Herbs and aromatics generally fall into three functional categories: immune modulators, antimicrobials, and immunostimulants. Immune modulators help balance and strengthen overall immune function, antimicrobials work to combat harmful microbes, and immunostimulants provide a more immediate activation of the immune response when the body needs extra support. Together, these three actions help the immune system perform at its best.

Immune Modulators 

Immune modulators help balance and strengthen the immune system over time. Rather than acting as a quick, reactive fix, these proactive herbs support healthy cell signaling, allowing the immune system to function more efficiently and resiliently overall. Mushrooms, astragalus (commonly available as a supplement in health food stores), and elderberry are well-known immune modulators.

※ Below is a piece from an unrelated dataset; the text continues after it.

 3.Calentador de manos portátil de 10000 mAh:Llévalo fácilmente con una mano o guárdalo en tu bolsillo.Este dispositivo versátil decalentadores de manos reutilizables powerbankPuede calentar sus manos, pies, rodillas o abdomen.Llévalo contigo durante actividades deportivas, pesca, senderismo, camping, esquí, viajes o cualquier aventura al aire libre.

Many people take elderberry syrup regularly during the winter months to help support immune defenses against seasonal illnesses like the flu.

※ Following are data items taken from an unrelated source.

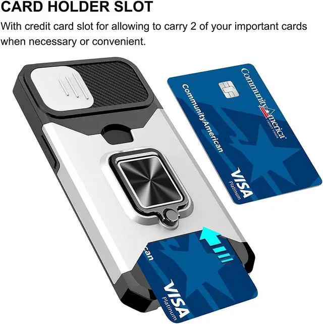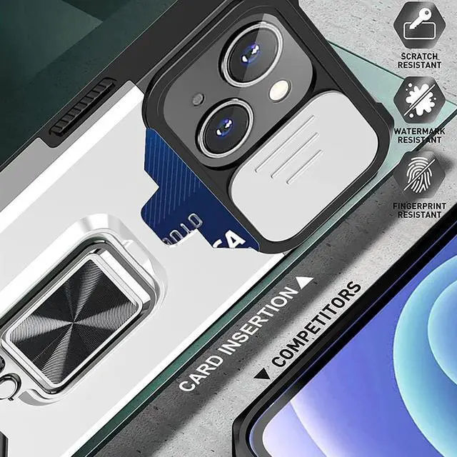 Features: Compatible with Apple iPhone 14 Plus. Military Standard Shock Test MIL-STD 810G- 516.6 Protection. The case endured 26 drops (at 48in) on all 6 faces, 12 edges and 8 corners of the device and sustained zero damage to the appearance and internal hardware of the phone itself. Stylish, minimalist protection for your smartphone. Crafted from anti-scratch TPU and a super strong polycarbonate frame, the case protects your device while complimenting its sleek aesthetics. Reinforced corners are designed to deflect shock force away from your phone and the corners are the most vulnerable areas of any phone or case. The back of the case has a built-in extremely practical handle, Ring, which can be put on the finger to hold the phone more securely in your hand. It also allows you to attach the phone to a magnetic car holder. Flip the ring out and it doubles as a kickstand to take your binge-watching experience to the next level. With this case, you can leave your wallet at home thanks to the credit card slot featured on the case. Privacy cover slides in front of camera when not in use.
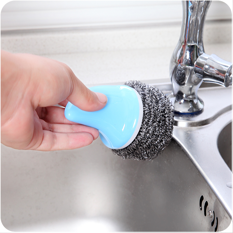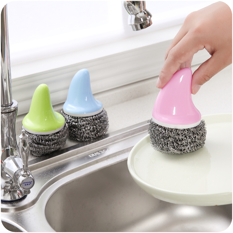 / 創意鯊魚柄鋼絲球清潔球廚房耐用洗鍋刷帶柄去污刷子不臟手鐵絲球
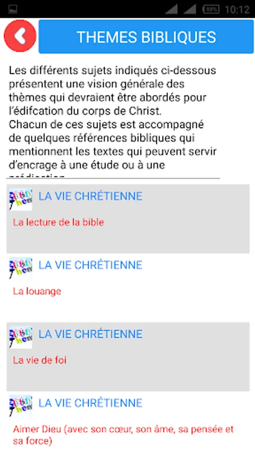 The various topics given in the Bible Theme Application present an overview of the topics that should be addressed for the edifying of the body of Christ. Each of these topics is accompanied by some biblical references that mention the texts that can be used to inking a study or preaching. These text proposals are not exhaustive and it is possible to find more references in a Bible concordance.
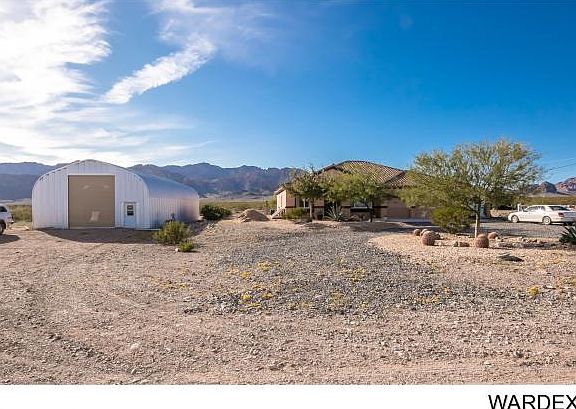 A home makers delight with majestic views abound by desert vegetation and wildlife. This property is situated on 2.35 acres with own private water well ,3 storage tanks,(2) 2500 gal & (1) 1500 gal used for irrigating. Enormous 30 x 60 steel garage with power, concrete floor and 12'x14' over head door to accommodate the biggest of motor homes/RV's. This bright open floor plan displays tile flooring,10 ft ceilings with 3 spacious size bedrooms, 2.5 bathrooms plus separate den area. Living room flows into the formal dining area and deluxe family room with fireplace. Generous kitchen with large circular center island with onyx top and underneath cabinets for extra storage. The birch cabinets offer durable beauty and plenty of space. Access the back covered patio from the kitchen and take in the angelic views from the back. The spacious master suite is arranged on its own wing of the home and offers walk in closet, dual sink vanity and garden tub with separate shower. Roads to property are county maintained, if your are looking for fine rural living come take a tour of this wonderful property, you won't be disappointed!

Aromatic foods also play an important role in supporting immune health. Ingredients such as garlic, onions, ginger, horseradish, and hot peppers help stimulate circulation, promote healthy mucus flow, aid digestion, and support the body’s natural ability to clear pathogens. A simple way to incorporate these benefits is by soaking fresh ginger slices in water overnight and sipping the infusion throughout the next day.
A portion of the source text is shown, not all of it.